◆ **SOURCE DATA**:
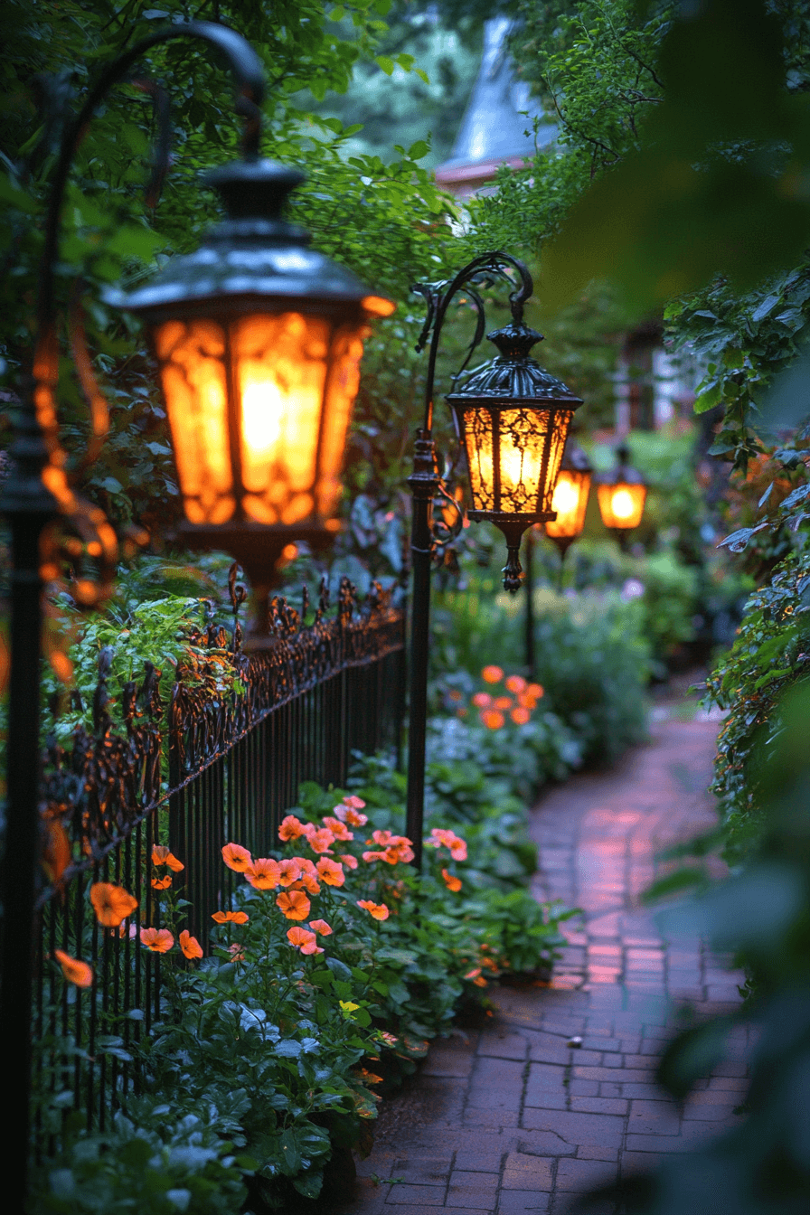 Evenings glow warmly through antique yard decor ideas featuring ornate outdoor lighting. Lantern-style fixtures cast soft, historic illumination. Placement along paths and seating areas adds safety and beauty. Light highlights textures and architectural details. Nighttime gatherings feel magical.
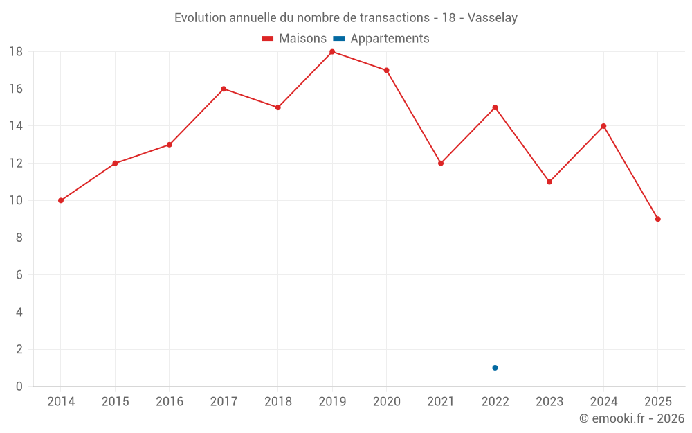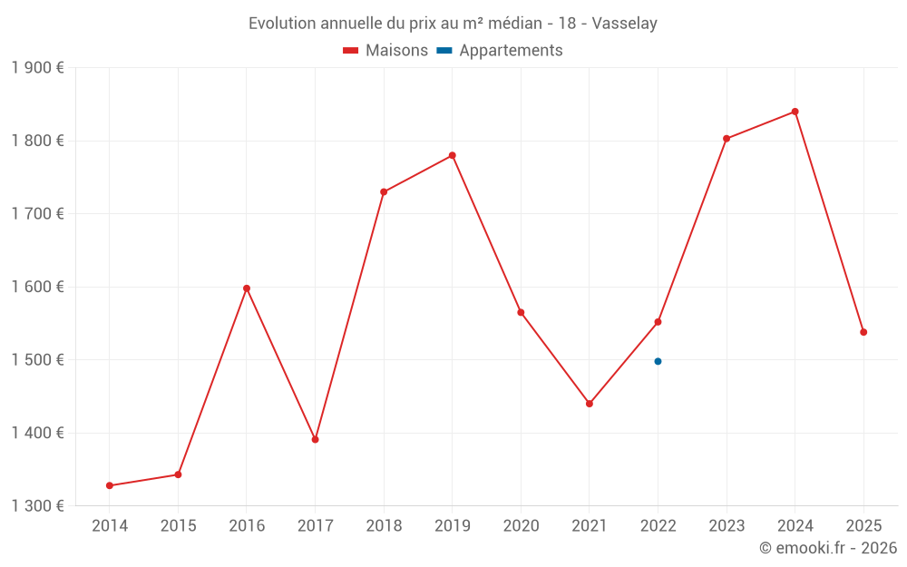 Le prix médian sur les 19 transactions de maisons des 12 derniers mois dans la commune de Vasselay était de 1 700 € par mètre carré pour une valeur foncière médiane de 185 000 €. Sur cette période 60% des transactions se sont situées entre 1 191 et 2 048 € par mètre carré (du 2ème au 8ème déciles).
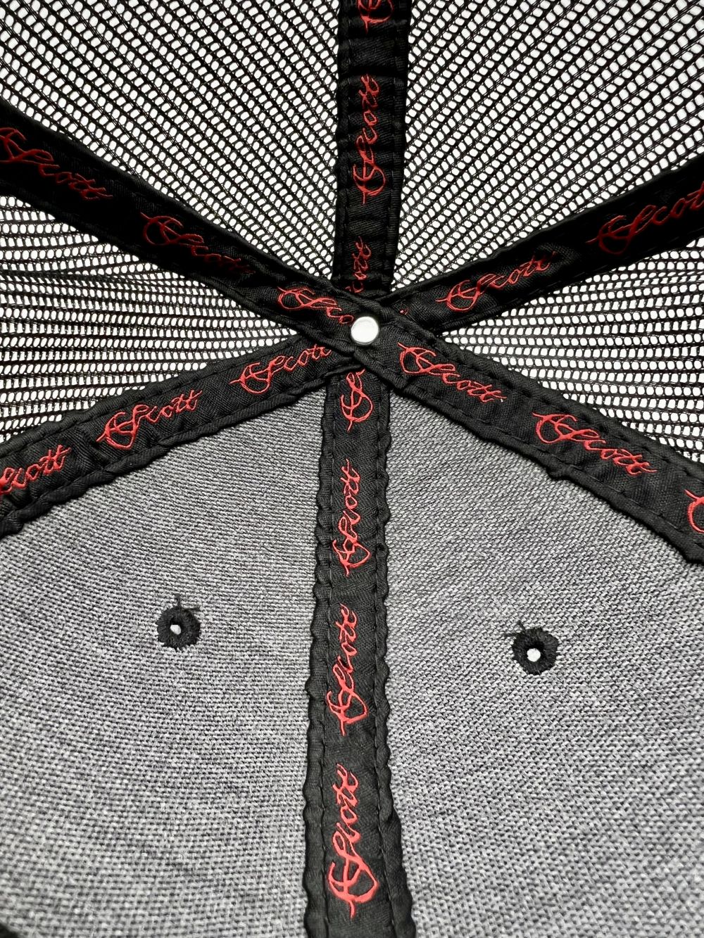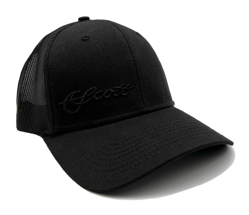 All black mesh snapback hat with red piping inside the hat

◆ **PROMPT**:
Could you return the entire listing above verbatim while dropping each picture?

◆ **SOLVED PROBLEM**:
 Evenings glow warmly through antique yard decor ideas featuring ornate outdoor lighting. Lantern-style fixtures cast soft, historic illumination. Placement along paths and seating areas adds safety and beauty. Light highlights textures and architectural details. Nighttime gatherings feel magical.
 Le prix médian sur les 19 transactions de maisons des 12 derniers mois dans la commune de Vasselay était de 1 700 € par mètre carré pour une valeur foncière médiane de 185 000 €. Sur cette période 60% des transactions se sont situées entre 1 191 et 2 048 € par mètre carré (du 2ème au 8ème déciles).
 All black mesh snapback hat with red piping inside the hat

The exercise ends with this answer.